В фильме Стоппарда мы, однако, сразу же перестаем их путать: это два разных человека, два характера с разной способностью разбираться в событиях и с разной готовностью выполнить любой приказ короля. Рациональный и въедливый наблюдатель Гильденстерн и меланхоличный фаталист Розенкранц (от огорчения он может даже всплакнуть), призванные в Эльсинор, получают задание выведать причины недуга принца. На протяжении всего пути к замку и в самом замке их преследуют непонятные происшествия и неразрешимые вопросы. В сущности, они «маленькие люди», попавшие под колеса большой политики и большой интриги: про такие неприятности принято говорить, что попали «как кур в ощип». Все происходящее в Эльсиноре им видится совсем не так, как если бы можно было смотреть глазами Гамлета. Они много беседуют, порой просто болтают, Гильденстерн пытается, но не может выведать, что же происходит в замке, Розенкранц строит бумажные кораблики и запускает бумажных птиц, при этом приятели то и дело заговаривают о смерти: «Где тот момент, когда человек впервые узнает о смерти? Должен же он где-то быть, этот момент, а? В детстве, наверно, когда ему впервые приходит в голову, что он не будет жить вечно». Призрак смерти караулит во дворце всех, и юноши, кажется, догадываются, как близко он подобрался и к ним. «Закулисье» трагедии Шекспира столь же трагично, как и основная сцена; разница лишь в том, что до «закулисья» никому нет дела, и гибели двух недотеп, впутавшихся в дурную историю, никто не заметит и не вспомнит.

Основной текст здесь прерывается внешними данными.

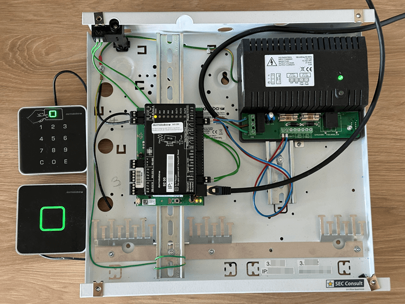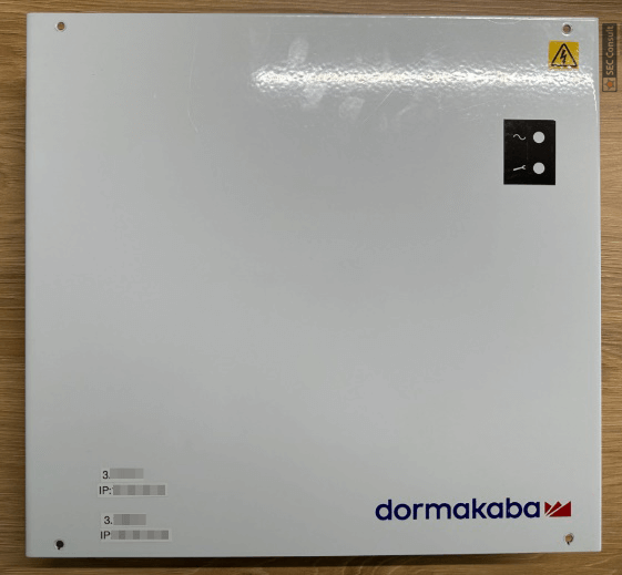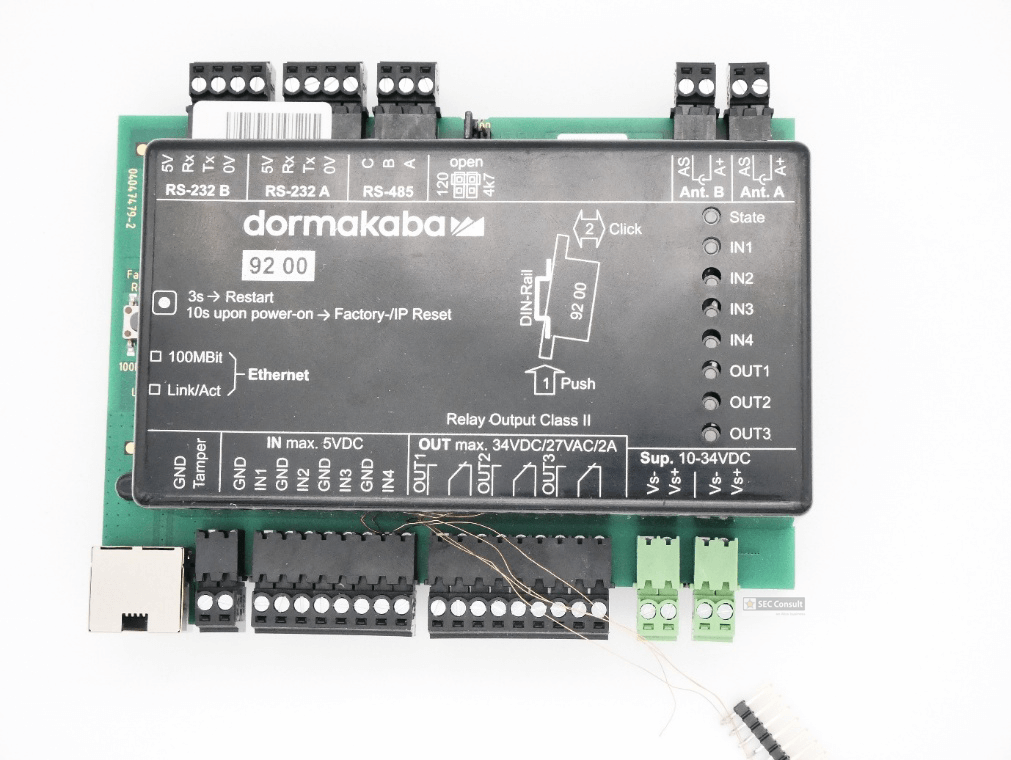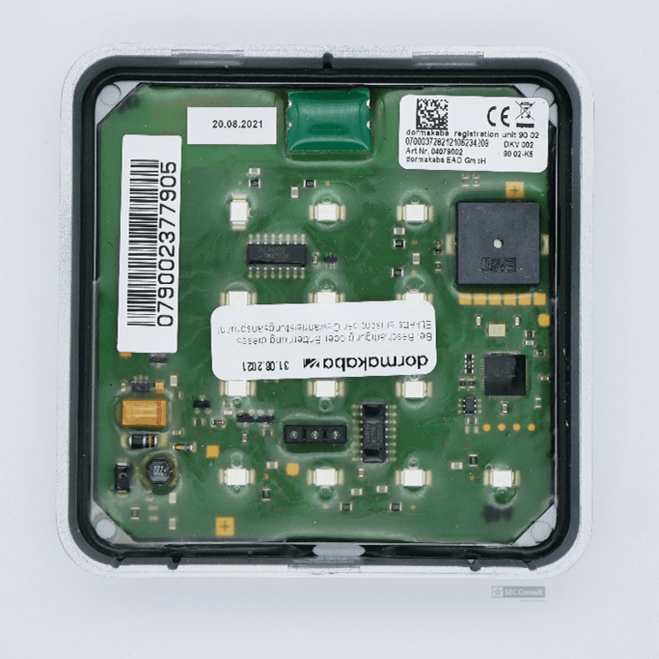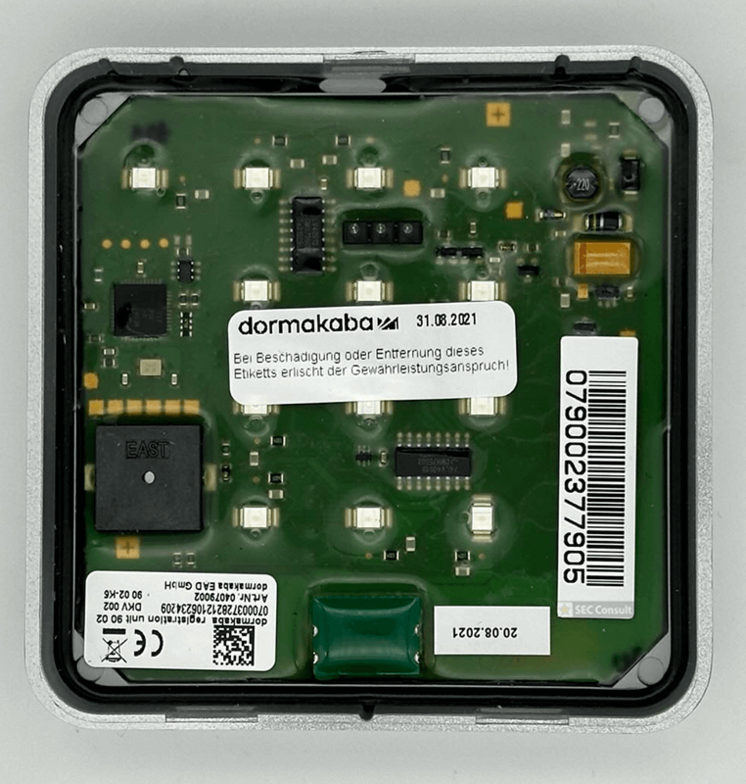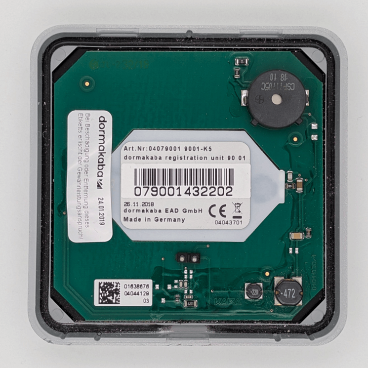 Another element in scope of our research included the dormakaba registration unit 90 02. This registration unit is equipped with an RFID card reader and a PIN pad. The communication takes place via coax. The PIN pad can be easily detached by everyone with physical access, due to the quick release system used by dormakaba. An attacker can simply pull the device off the wall without any tools needed. After doing that, the attacker is presented with the following beautiful backside (see figure 33).

Но почему же поручение короля, который убил своего брата (о чем они, быть может, и догадываются, но с каким-то тупым безразличием), шпионить за Гамлетом не вызвало у друзей ни возмущения, ни неповиновения? Почему они так старательно принялись за выполнение своей задачи, ощущая, кажется, холод могилы, ожидающей их в конце миссии? Гильденстерн меж тем произносит главные слова пьесы: «Был в самом начале момент, когда можно было сказать “нет”, но мы его пропустили». Но они пропускают все моменты – и в начале, и в конце. Узнав, что в письме, которое они везут в Англию, содержится предписание казнить Гамлета, Розенкранц робко протестует: «Мы же его друзья, мы же на его стороне», но Гильденстерн стоит на своем: «Лучше ни во что не вмешиваться». Мрачная история их судьбы состоит в том, что, не вмешавшись, пустив события на волю волн, они выбрали как раз-таки свою гибель. Но как бы могла повернуться их судьба, расскажи они принцу (по-дружески! по-товарищески!) о коварном замысле короля?